Civil War Photo Sleuth
The American Civil War (1861–1865) was the first major conflict to have been extensively photographed, with the images being widely displayed and sold in large quantities. Around 4,000,000 soldiers fought the war, and most of them were photographed at least once. After 150 years, thousands of these photographs have survived, but most of the identities of these soldiers are lost.
We introduce a web-based platform called Civil War Photo Sleuth for helping users identify unknown soldiers in portraits from the American Civil War era. This system employs a novel person identification pipeline by leveraging the complementary strengths of crowdsourced human vision and face recognition algorithms.
- V. Mohanty, D. Thames, S. Mehta, and K. Luther. Photo Sleuth: Combining Human Expertise and Face Recognition to Identify Historical Portraits.
ACM Conference on Intelligent User Interfaces (IUI 2019), Los Angeles, CA, USA, 2019. (25% acceptance rate)
- V. Mohanty, D. Thames, and K. Luther. Are 1,000 Features Worth A Picture? Combining Crowdsourcing and Face Recognition to Identify Civil War Soldiers. AAAI Conference on Human Computation and Crowdsourcing (HCOMP 2018), Zurich, Switzerland, 2018. [POSTER LINK] (BEST POSTER/DEMO AWARD)
- V. Mohanty, D. Thames, and K. Luther. Photo Sleuth: Combining Collective Intelligence and Computer Vision to Identify Historical Portraits.
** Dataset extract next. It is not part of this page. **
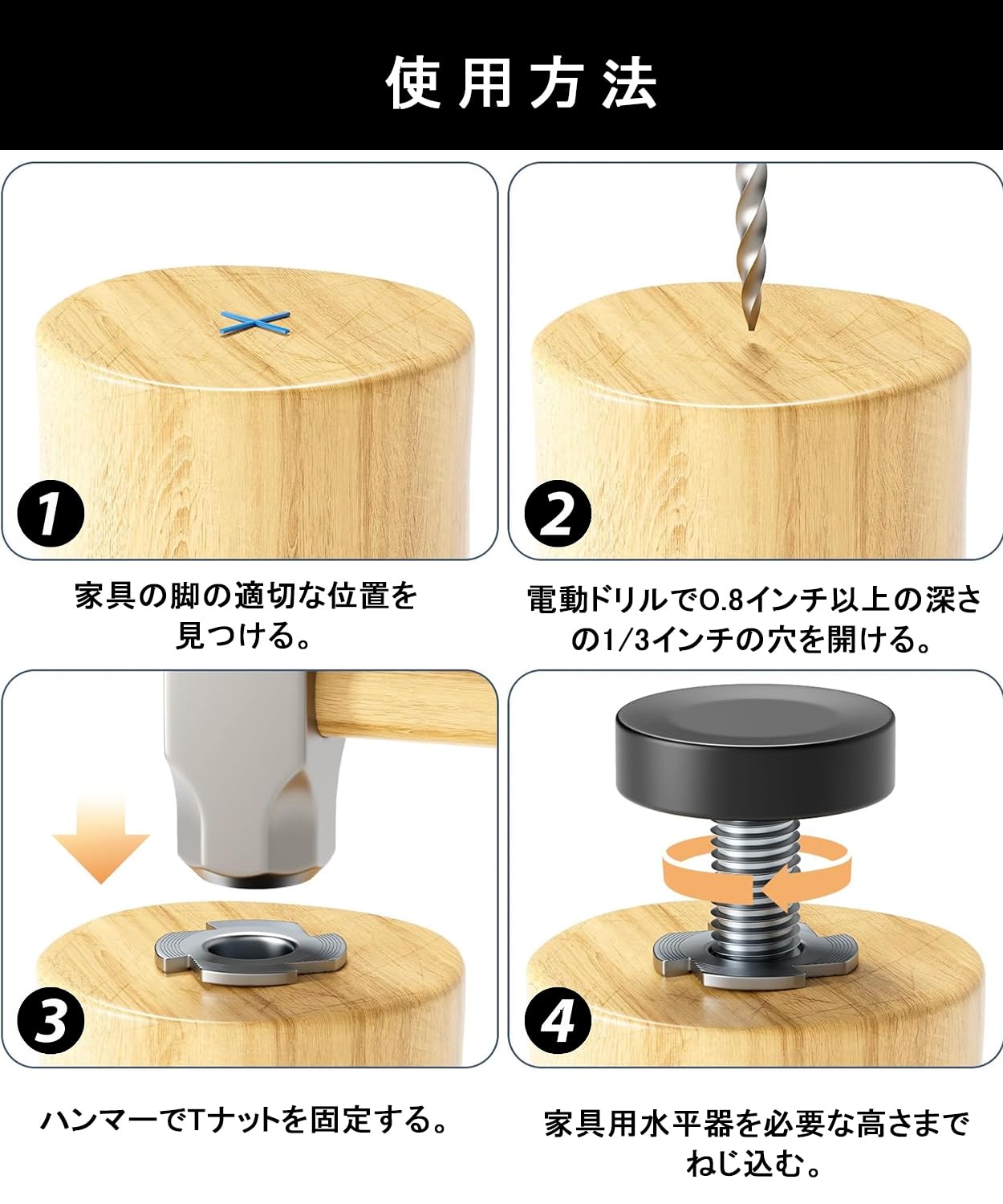【使いやすい】 家具の脚に直径1/3インチ、深さ1インチの穴を開け、ハンマーでTナットを取り付け、その後ベーススクリューを回すだけで簡単に設置できます。レベル調整脚は必要に応じて高さを自由に調整できます。

ACM Conference on Collective Intelligence (CI 2018), Zurich, Switzerland, 2018. (32% acceptance rate for oral presentations)
- GRAND PRIZE WINNER (25000 USD) of the Microsoft Cloud AI Challenge 2018
- News Coverage on Slate link
- Public Launch of the website www.civilwarphotosleuth.com at the National Archives Building in Washington, DC [Related Article ]
- Initial Launch of the website www.civilwarphotosleuth.com at the 45th Civil War Artifact and Collectibles Show in Gettysburg, PA
This is a semester-long project done as part of the "User Interface Software" course I am currently working on. This is a web application aimed at online crowd workers or users gathering additional photos of identified Civil War soldiers from online sources. The identified soldiers in the database will have a prior photo for comparing the user-uploaded photos with. This application aims to enhance the existing database of current online Civil War database and communities like Civil War Photo Sleuth, American Civil War Database, etc. This application required development through wireframe iterations, high-fidelity mockups, UX inspection and prototyping. A demo of the prototype can be seen here.
Website for VT Junoon: Bollywood Dance Group of Virginia Tech
This was a semester-long project done as part of the "Usability Engineering" course. As part of a team, we proposed a one-stop solution to VT Junoon (Bollywood dance group of Virginia Tech) in the form of a web portal for handling their internal operations and also as an interface for the general public to access information about the group. This required conducting interviews with the group for data elicitation about the team organization and how they conduct their operations. Wireframes and high-fidelity mockups were developed. Subsequently, a prototype was developed and a UX evaluation was conducted through focus groups and user interviews.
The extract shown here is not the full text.